Trafic d’enfants : victimes et criminels

Le 18 octobre dernier, à l’occasion de la Journée européenne de lutte contre la traite des êtres humains, un nouveau rapport d’Europol a été présenté concernant le trafic d’enfants, avec une mise à jour des renseignements relatifs à cette pratique criminelle.

Pour la première fois dans ce domaine, le rapport offre une vision approfondie des caractéristiques des réseaux criminels qui se livrent à l’un des crimes les plus odieux : l’abus d’enfant vulnérables. Pour les besoins du rapport, il a été utilisé le renseignement opérationnel à partir de quelques 600 contributions ayant impliqué des victimes de trafic de mineurs, qui ont été communiquées à Europol par les États membres entre 2015 et 2017.

En Europe, des milliers d’enfants font encore l’objet de trafic et d’exploitation, générant des profits au bénéfice des réseaux criminels, et représentent plus de 20% de l’ensemble des victimes de ce type de trafic selon l’UNICEF. Europol reçoit de plus en plus d’informations sur des réseaux de trafiquants qui opèrent à travers les États membres en abusant de la vulnérabilité des enfants pour les exploiter sexuellement ou au travail. D’autres groupes criminels mettent leurs victimes dans la rue pour mendier, les obligent à commettre toute sorte d’infractions ou les vendent à travers des réseaux d’adoption illégale.

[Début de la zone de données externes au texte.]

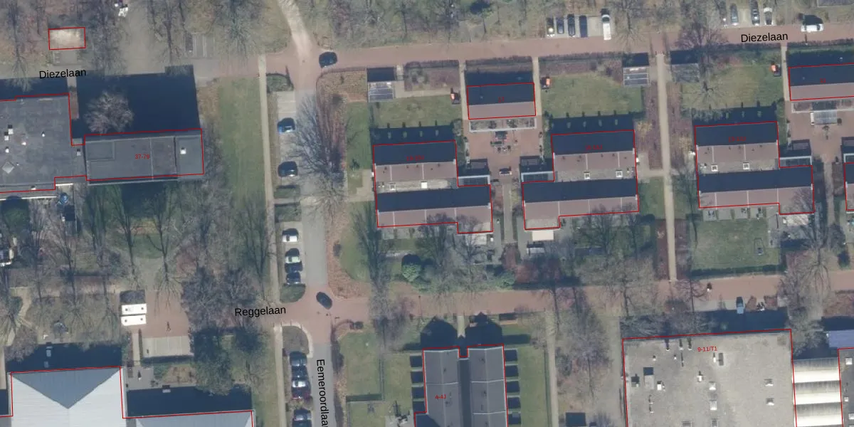 Het perceel waarop Diezelaan 19-B staat heeft een oppervlakte van 24,2 ha. Dit is een zeer groot perceel. De perceeloppervlakte wordt geregistreerd door het Kadaster. Gedetailleerde informatie over de maten van dit perceel kunt u vinden in het rapport Kadastrale kaart met maatvoering van Diezelaan 19-B.
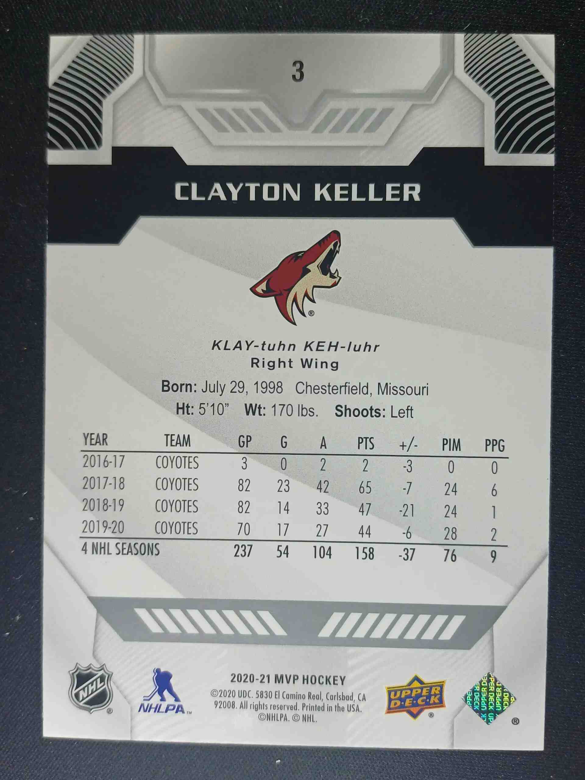Sběratelská karta 2020/2021 Upper Deck MVP Super Script 3 Clayton Keller Paralel 13/25
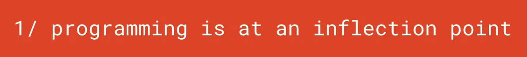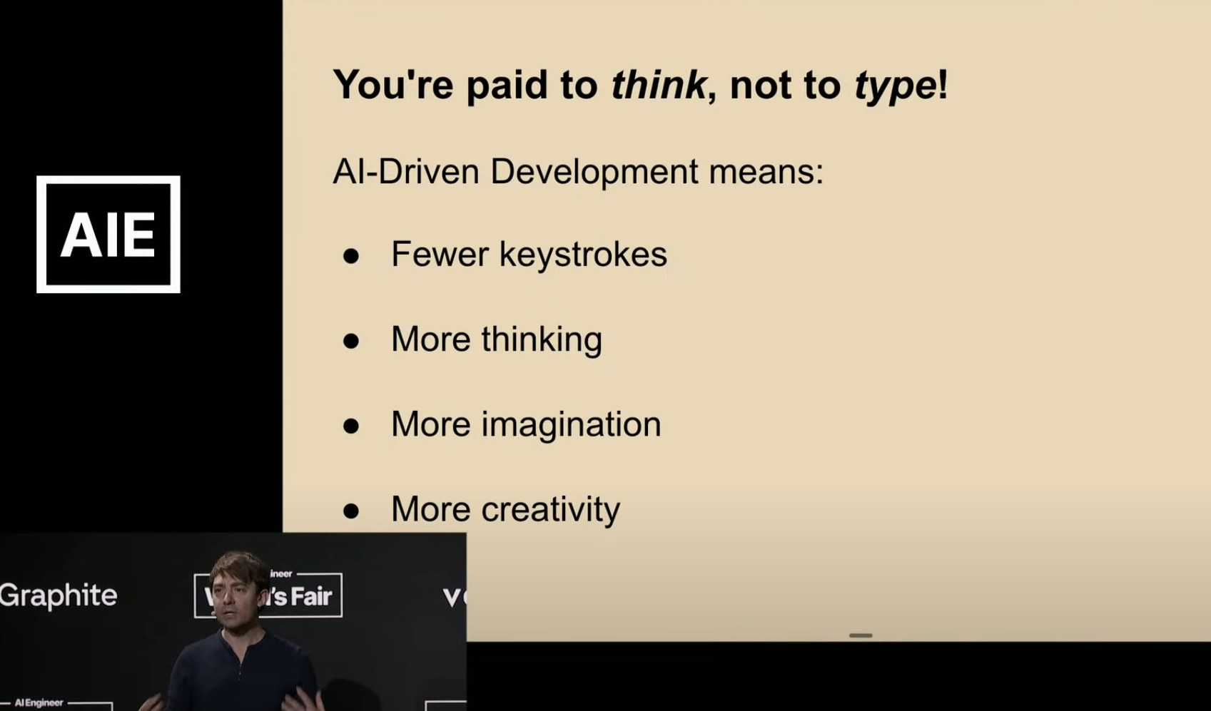 It seems like right now we’re still trying to find what that interaction pattern, what that future looks like. And a lot of what’s publicly available is more or less an incremental improvement. The current zeitgeist is to take tools that were developed 20 years ago for humans to write every individual line of code—tools that were designed first and foremost for human beings. And you sprinkle AI on top and then you keep adding layers of AI and then at some point maybe there’s some step function change that happens. But there’s not a lot of clarity there in exactly what that means.
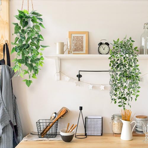 When it comes to enhancing your home decor, the Der Rose 2 Pack of Fake Plants Hanging Faux Potted Ivy Vine Artificial Plants offers the perfect balance of style and practicality. Unlike traditional plants, these faux beauties require no watering, trimming, or special care, making them ideal for busy lifestyles or for those who may struggle to maintain live plants.
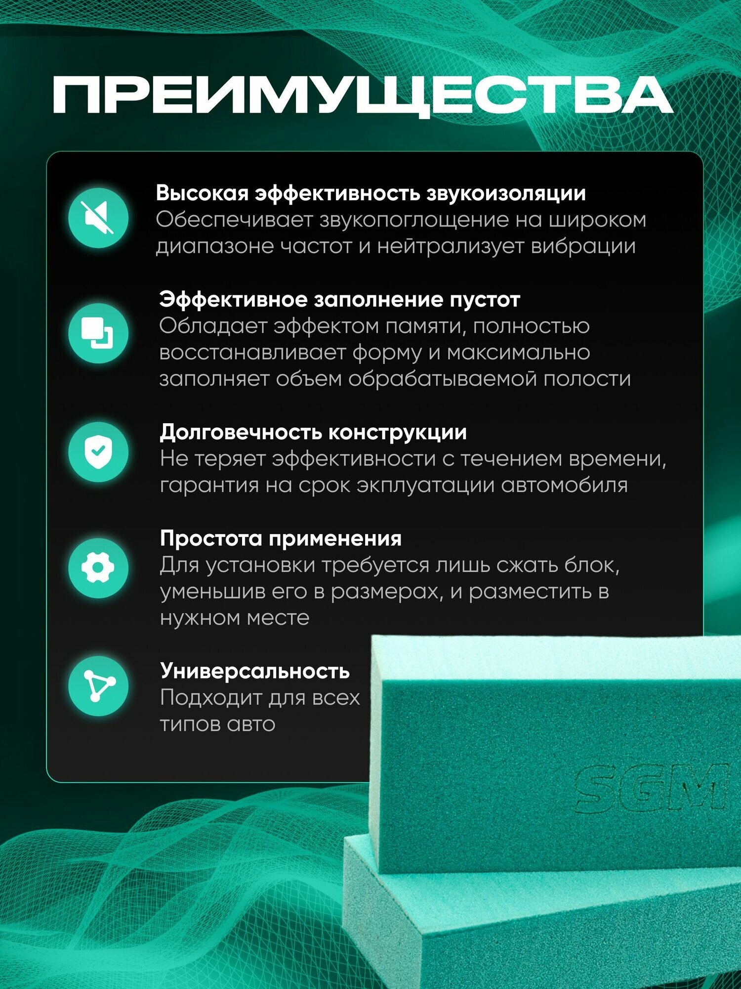 Отзывы на Шумопоглощающий блок SGM для заполнения пустот автомобиля, зеленый / шумоизоляция для авто
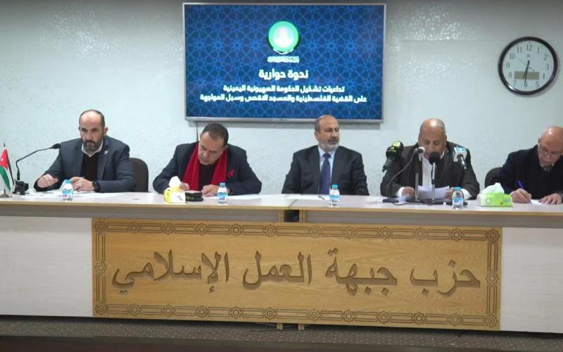 أكد المتحدثون في الندوة التي أقامتها لجنة فلسطين والقدس في حزب جبهة العمل الإسلامي على خطورة ما يتعرض له الأردن من استهداف من قبل المشروع الصهيوني لا سيما في ظل حكومة نتنياهو الاكثر تطرفاّ والتي تسعى لتصفية القضية الفلسطينية وتهديد المصالح الأردنية، ما يتطلب رؤية فلسطينية وأردنية مشتركة في مواجهة هذه التهديدات، وبناء استراتيجية وطنية للتعامل مع الإحتلال على أساس تمتين الجبهة الداخلية وانسجام الموقف الرسمي مع الشعبي في مواجهة المشروع الصهيوني ودعم صمود الشعب الفلسطيني.
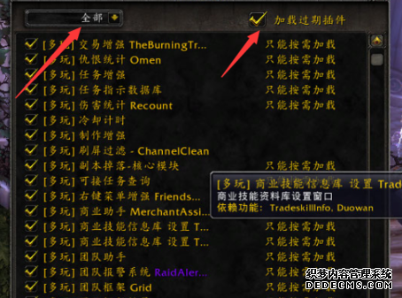 3.这时我们回到游戏的设置主菜单。点击插件,打开插件的配置信息界面。在插件配置信息界面点击选择全部插件,并且把加载过期插件全部选上。确保游戏加载了所有的插件;
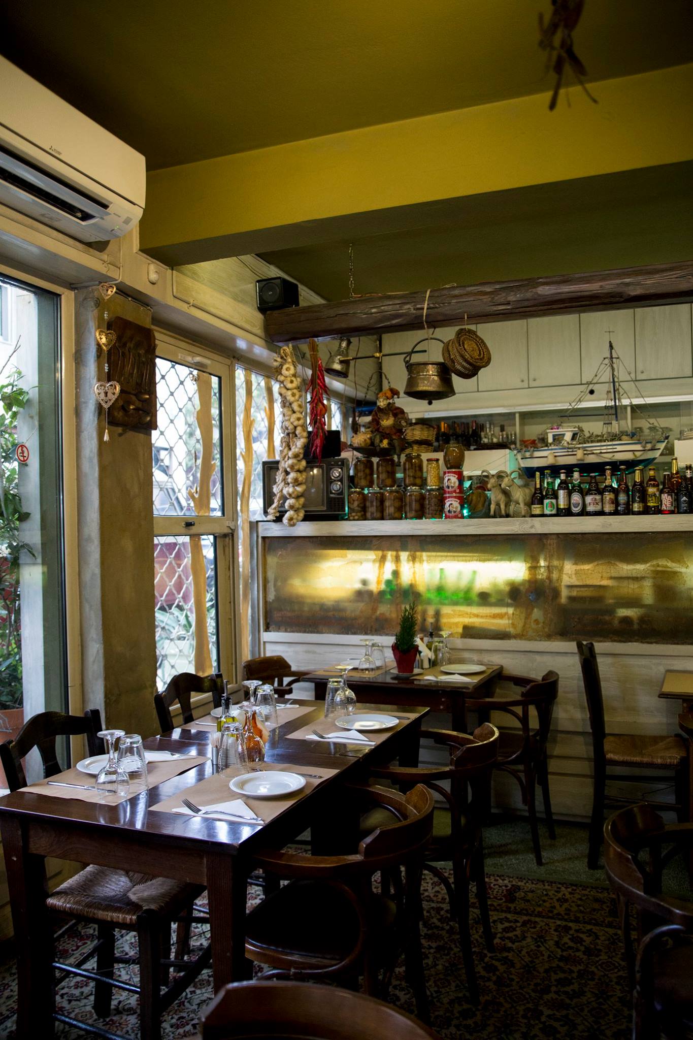 Η λίστα κρασιών, ενημερωμένη και τουλάχιστον δύο αξιόλογες επιλογές για κρασί σε ποτήρι. Η μπάρα, με τις εντυπωσιακές ανθοδέσμες χειμώνα – καλοκαίρι, είναι κατάλληλη και για ένα ωραίο βραδινό ουίσκι, αν έχετε ντέρτια. Η εμβληματική φιγούρα του Μάκη, που περιφέρεται σαν μαέστρος στο μαγαζί, συμπληρώνει την απίθανη ατμόσφαιρα και το κάνει σταθερό στέκι.
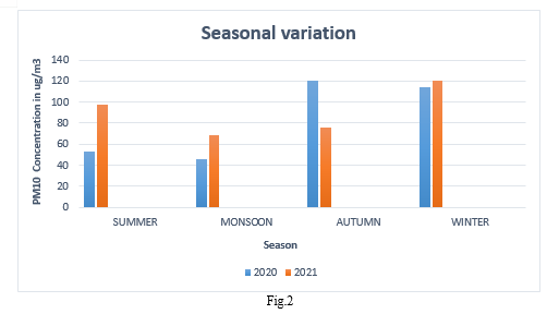 Figure displays monthly variations in average mass concentrations of PM10. Peak monthly PM10 average mass concentrations were observed in October, reaching 120.8 g/m³ for the year 2020, and 124.6 g/m³ for the following year, 2021. In 2020 PM10 decreased from march to august due to restriction on traffic movement and closing of industries and again increased due to some relaxation in lockdown. Mainly coarse particulate concentration increased in case of dust storms. The lowest monthly average concentration of 33.9 µg/m3 in the month of august for year 2020 and 38.9 µg/m3 in September for year 2021. Additionally, precipitation and stronger convective air currents assist in the removal of coarse particles. The annual average PM10 concentration is 91.69 g/m³ in 2021 and 76.23 g/m³ in 2020, which is higher than the national ambient air quality guidelines i.e. 60 g/m³
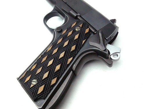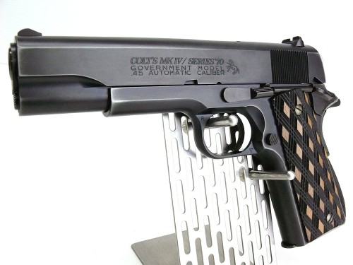 [WA] コルト MKIV シリーズ70 ハードトゥキル/リアルスチールフィニッシュ ガスブローバック (中古) 製品参考画像4 特徴的なスキップドチェッカー・グリップ。こんなに目立つ実銃用グリップをはめても他の部分の存在感が負けないところがWAのすごいところです。
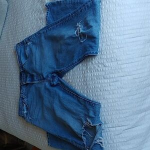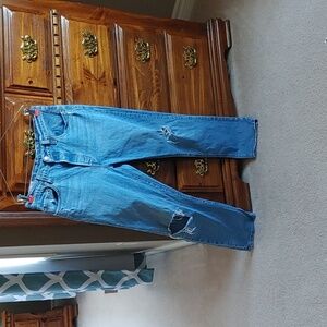 - light wash, with distressing on front & bqck of jeans
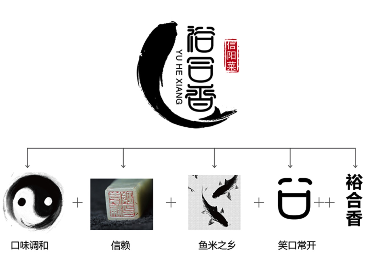 信陽菜品牌裕合香餐飲企業(yè)logo,核心關(guān)鍵詞信賴,歡樂,優(yōu)雅,年年有余,logo設(shè)計(jì)運(yùn)用到的理念有,陰陽太極圖案-調(diào)理陰陽,篆刻印章-中國(guó)特色,鯉魚圖案-魚米之鄉(xiāng),年年有余,字體變形形成笑口常開的圖案,笑迎五湖四海食客。
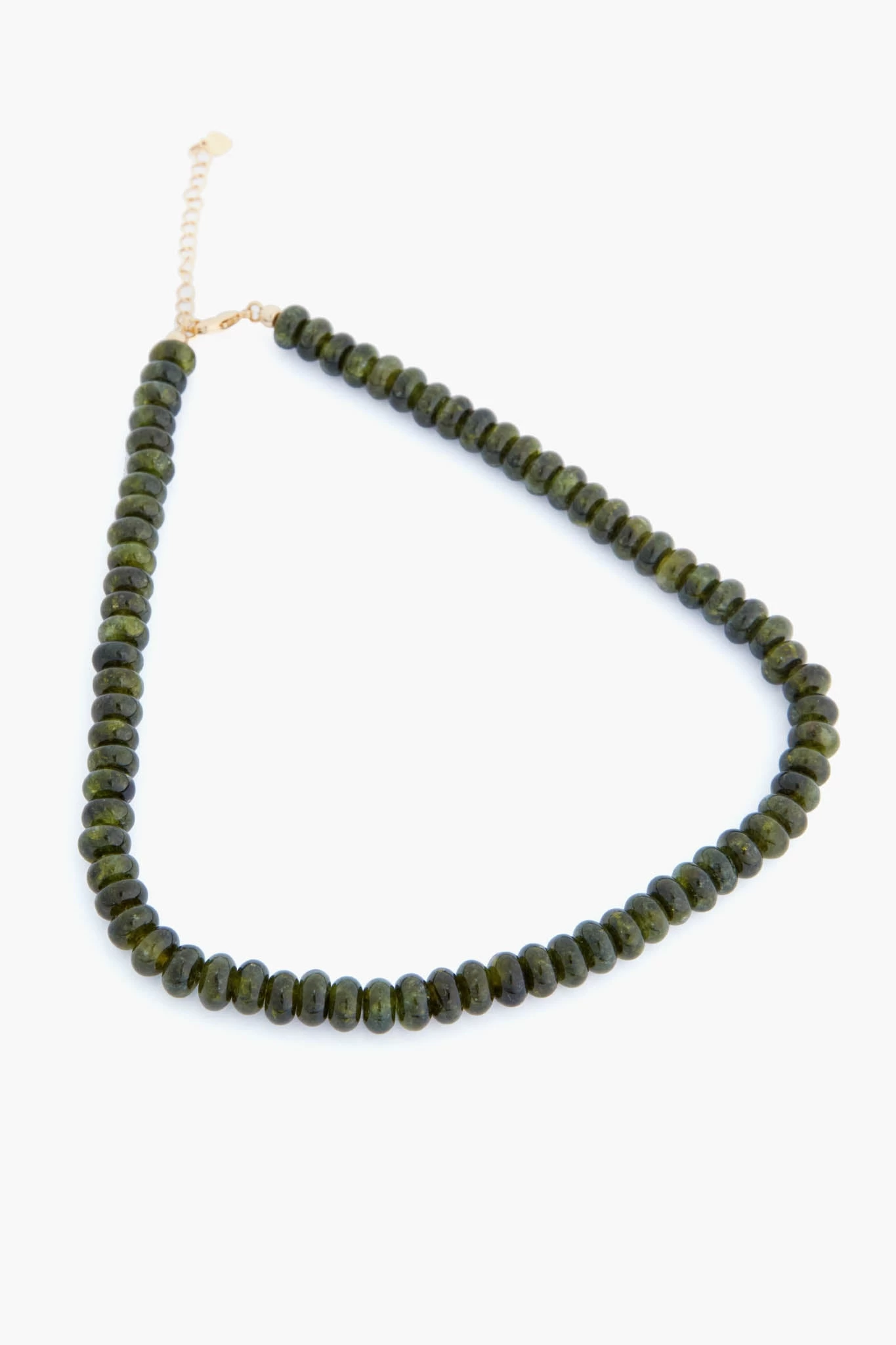 A bright addition to any jewelry collection, we love the fun energy of the Green Opal Necklace. The pretty verdant hue of these smooth beads gives freshness to a classic silhouette, and brings bold color to anything from a crisp cotton dress to a slim-fitting tank. With an adjustable length made to sit right at the collarbone, you can spotlight it solo or layer it with more jewelry in gold tones to accentuate your neckline.
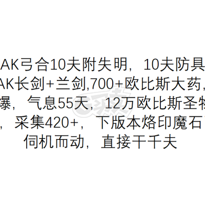 账号 [弓星 50级]50级潜力弓星,14AK弓合10夫附失明,10夫防具全套13*10夫全套首饰,绝版时装
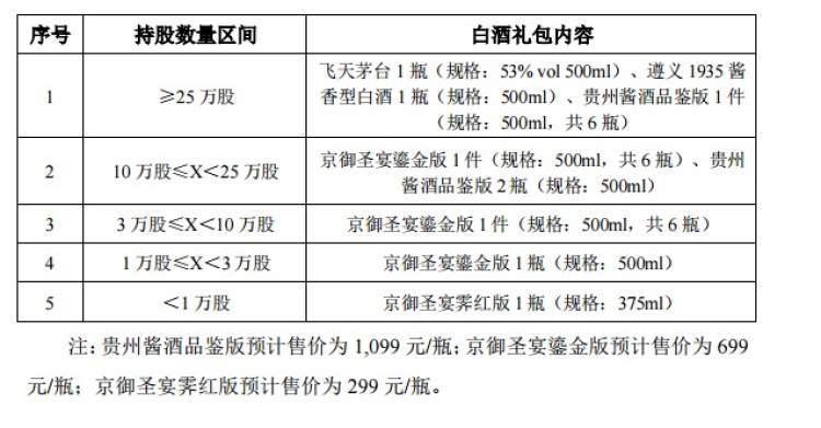 不过这个赠礼厚薄不同,分为5个等级,最高持股25万股或以上的股东的白酒礼包包含:飞天茅台1瓶(规格:53%vol500ml)、遵义1935酱香型白酒1瓶(规格:500ml)、贵州酱酒品鉴版1件(6瓶)等,价值近1万元,而最低持股小于1万股的股东获得的是京御圣宴霁红版1瓶(规格:375ml),预计售价299元。
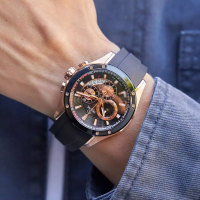Ремешок: Эти часы оснащены черным каучуковым ремешком с двойной кнопочной застежкой, которая позволяет легко открывать и закрывать ремешок, минимизируя его толщину на нижней стороне запястья. Дополнительно в комплете чёрный кожаный рмень.
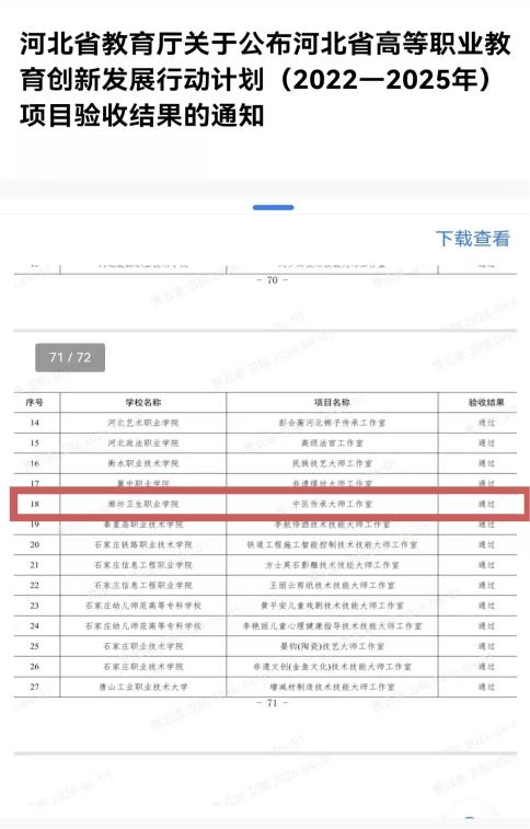 根据《河北省教育厅关于开展高等职业教育创新发展行动计划(2022-2025年)项目申报工作的通知》,廊坊卫生职业学院积极响应省里号召组织项目申报。经学院申报、数据审核、专家评审和结果公示等环节,临床医学系贾云波老师负责的《中医传承大师工作室》和马杰老师负责的在线课程《健康评估》两个项目成功入选。

Voici certaines des conclusions du rapport de situation sur les réseaux criminels associés au trafic et à l’exploitation des enfants dans l’Union européenne :

  • Un des aspects les plus alarmants de cette pratique est le rôle des familles qui, dans certains cas, exercent directement le trafic et l’exploitation de leurs propres enfants. Europol reçoit des rapports périodiques sur des enfants vendus aux réseaux criminels par leur famille.
  • Les femmes jouent souvent un rôle clé dans le trafic et l’exploitation des enfants, beaucoup plus que dans les réseaux criminels où ce sont elles les victimes de la traite d’êtres humains.
  • La plupart des cas rapportés à Europol impliquent des réseaux qui acheminent leurs victimes mineures, non communautaires, depuis leur pays d’origine vers le lieu d’exploitation, souvent avec la collaboration de réseaux de contrebande. Le trafic d’enfants à travers les frontières extérieures et dans les États membres entraîne généralement l’utilisation de documents de voyage falsifiés.
  • Le produit de ces activités criminelles est essentiellement redirigé vers le pays d’origine du trafiquant, par petites sommes en utilisant les services de transfert d’argent, ou bien au moyen de passeurs illégaux ou de mules lorsqu’il s’agit de sommes plus importantes.
  • Le trafic d’enfants s’opère depuis le monde entier vers l’UE. La plupart des réseaux non communautaires de traite d’êtres humains ont informé Europol que des groupes de crime organisé y participaient. Par exemple, depuis le Nigéria, les jeunes femmes étaient trompées ou forcées pour être exploitées sexuellement en Europe.
  • Les enfants en migration ou autres mineurs non accompagnés sont davantage exposés au risque de trafic et d’exploitation. Bien que l’ampleur du trafic d’enfants non accompagnés reste méconnue, on s’attend à une augmentation dans le futur.